Each of the plurality of light receiving units 64 includes a light receiving element such as a photodiode, a phototransistor, etc., and a first light receiving unit 64 (light receiving unit 641) that receives specularly reflected light from the irradiation region and diffuse reflection from the irradiation region. Includes one or more second light receiving units 64 (light receiving units 642) that receive light. As shown in FIG. 7 (see also FIG. 8 for the angles of incidence and reflection), the first light receiving unit 641 is located at a reflection angle of 75 ° corresponding to the incident angle of 75 ° of the light emitting unit 62. It is placed in and receives specularly reflected light. Further, the second light receiving unit 642 can be arranged at any position of the reflection angle except the position of 75 ° within the range of the reflection angle of 0 ° or more and less than 90 °, and receives diffuse reflected light. The arrangement positions are preferably reflection angles of 60 °, 30 °, and 0 °, and more preferably two locations of 60 ° and 30 °, or one location of 60 °. In the examples of FIGS. 4, 6 and 7, a first light receiving unit 641 for receiving specular reflected light having a reflection angle of 75 ° and a second light receiving unit 642 for receiving diffuse reflected light having a reflection angle of 30 ° are arranged. An example of this is shown. In these figures, the light receiving unit 641 is arranged on the substrate b2, and the light receiving unit 642 is arranged on the substrate b3.

The housing 61 is provided with openings a3 and a4 on the light receiving path of the light receiving portions 641 and 642. Since the openings a3 and a4 have the same structure, the structure of the openings a3 will be described below as a representative. As shown in the partially enlarged view of FIG. 7, the opening a3 is, for example, a circular slit having a diameter of 3 mm when viewed from the intersection p1 side, and an inclined surface 61a is provided on the light incident side. The inclined surface is configured so that the distance from the optical axis increases toward the incident side, and has a mortar-shaped shape as a whole.
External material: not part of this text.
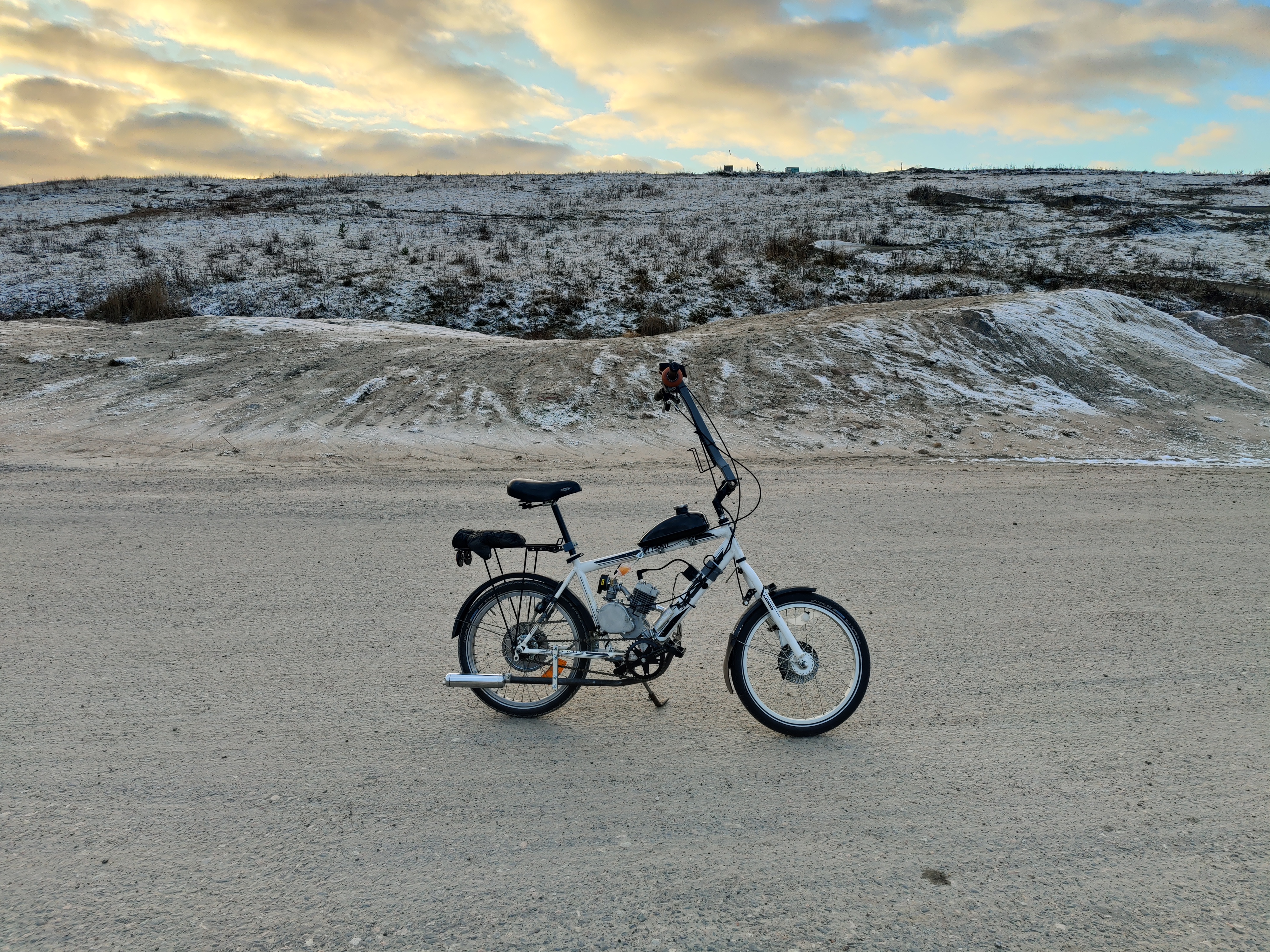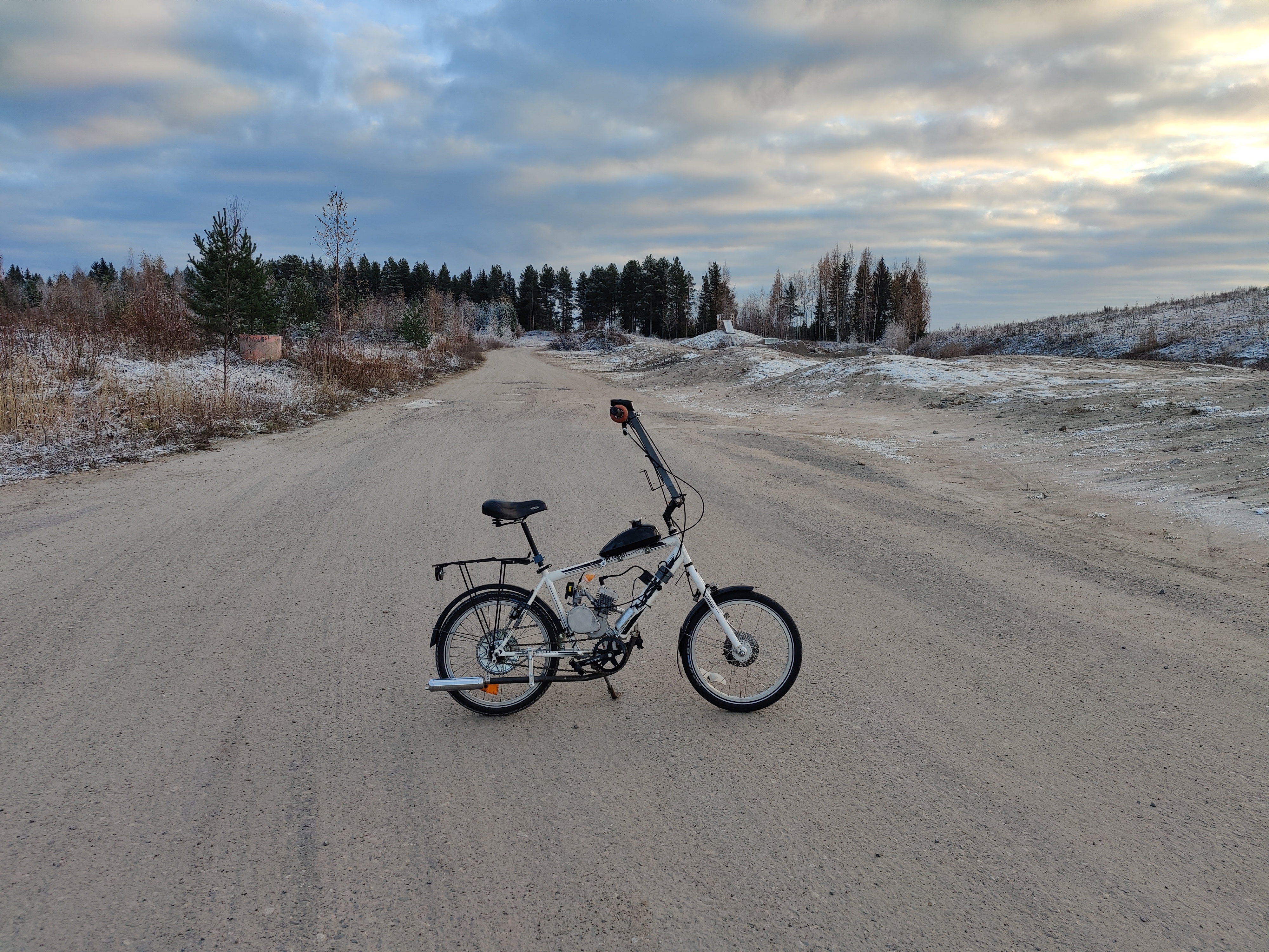 Aika terhakasti mäet nousi (joo, täältäkin löytyy mäkiä kun oikein hakee) kun piti vauhtia 20km/h tuntumassa ja antoi kaasua reippaasti. No kaasuhan ei aukea tällä hetkellä kuin noin 60% ja mittaria ei ole. Risteysajossa pitää lukita kytkin pohjaan ja polkea menemään, muuten kone alkaa rytkyttämään kun kierrokset menee liian pieniksi. Vieläkin sais olla tiheämmät välitykset.

The inclination angle is about 45 ° with respect to the incident angle of light. By providing such an inclined surface 61a, it is possible to prevent the light reflected by the edge of the opening a3 (slit) from being incident on the light receiving portion 641, and by extension, the characteristics of the recording medium can be detected with high accuracy.

(Irradiation diameter)
FIG. 9 is a schematic view showing a microscopic variation state of fiber orientation of paper, and FIG. 10 is a schematic view showing a state of pulp fibers on the surface of paper. Generally, paper is made by randomly entwining pulp fibers extracted from plants such as wood in all directions (isotropic), so that the surface becomes uneven and the surface surface has uneven distribution. (Also called "formation" in industry terms). This texture depends on the length and thickness of the pulp fibers of the paper. The unevenness is larger in B of FIG. 9 than in A of FIG. Pulp fibers derived from softwood and hardwood are used as the material of the paper, and the pulp fibers have an average length of 3.32 mm to 0.79 mm (maximum of about 5.7 mm) and an average width (thickness). 39 μm to 19 μm (maximum approx. 97 μm) (Reference: Paper “Measurement of Surface Shape of Paper” (Paper Pulp Gikyo Magazine Vol. 18, No. 2, February 1964), Oji Paper Co., Ltd. Central Research Institute Hata By Kotoku). Further, as shown in FIG. 10, the surface properties become non-uniform due to the length of the pulp fibers and the formation of binding fibers (entanglement of fibers) between the pulp fibers.

Therefore, if the irradiation diameter is narrowed down too much from the length of the pulp fiber and the shape of the binding fiber, the detected light amount of the specular reflected light and the diffused light differs depending on the position of the reflected light on the paper, that is, the uneven state on the paper surface, which is the same. It is a sensor that is highly sensitive to the surface condition of the paper even on the paper surface. Therefore, an error occurs in each reflected light amount, and if the paper type is discriminated using the data while the error is included, there is a possibility that the paper type is erroneously discriminated. For example, matte coated paper is misidentified as high-quality paper.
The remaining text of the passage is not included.